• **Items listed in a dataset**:
- Opening Delimiter -

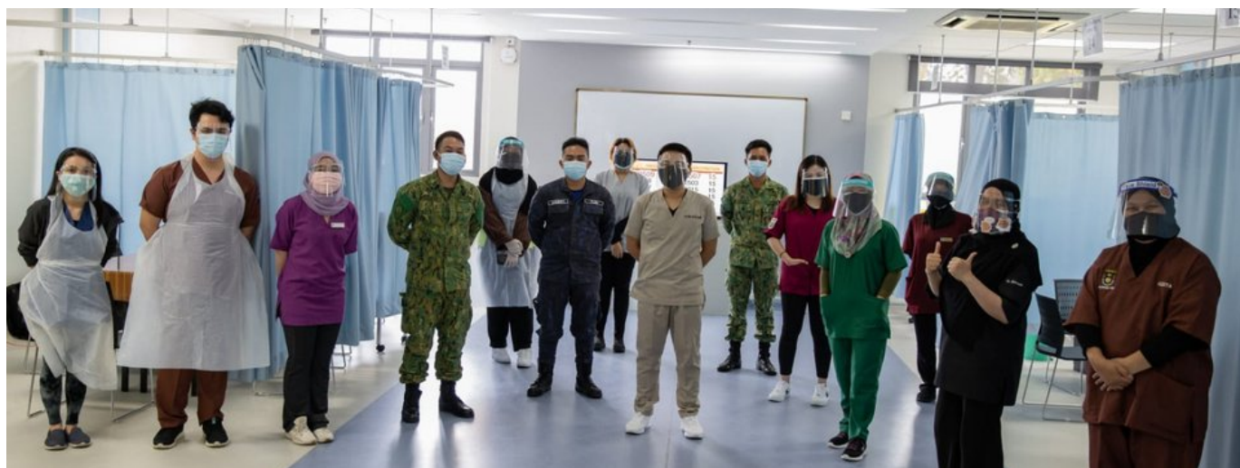
A photo featuring some of officers from the Royal Brunei Armed Forces' (RBAF) who helped with the running of the UBD Vaccination Centre.

I would say registering patients is a relatively simple task. However, the language barrier and the lack of clarity in communication can be challenging. This has taught me how to properly and effectively interact with patients or the public, which I would not have much opportunity for within my programme.
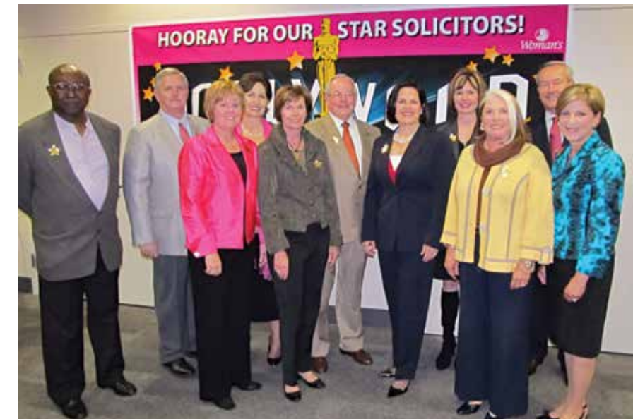
2011 Annual Giving Campaign Cabinet
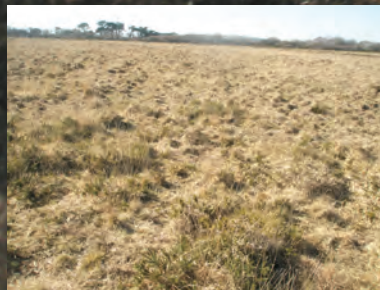
Grazed heathland on nearby Retire Common

We believe that by reintroducing summer grazing with cattle on the sites, better quality, more varied wildlife habitats could be established, leaving the overall character of the Downs virtually unchanged. In order to achieve this we propose the following:

- Closing Delimiter -

• **Instructions for the task**: The line containing "Grazed heathland on nearby Retire Common" and every line after it, through the end of the records above: output exactly those, and nothing else.

• **Task answer**:
Grazed heathland on nearby Retire Common

We believe that by reintroducing summer grazing with cattle on the sites, better quality, more varied wildlife habitats could be established, leaving the overall character of the Downs virtually unchanged. In order to achieve this we propose the following:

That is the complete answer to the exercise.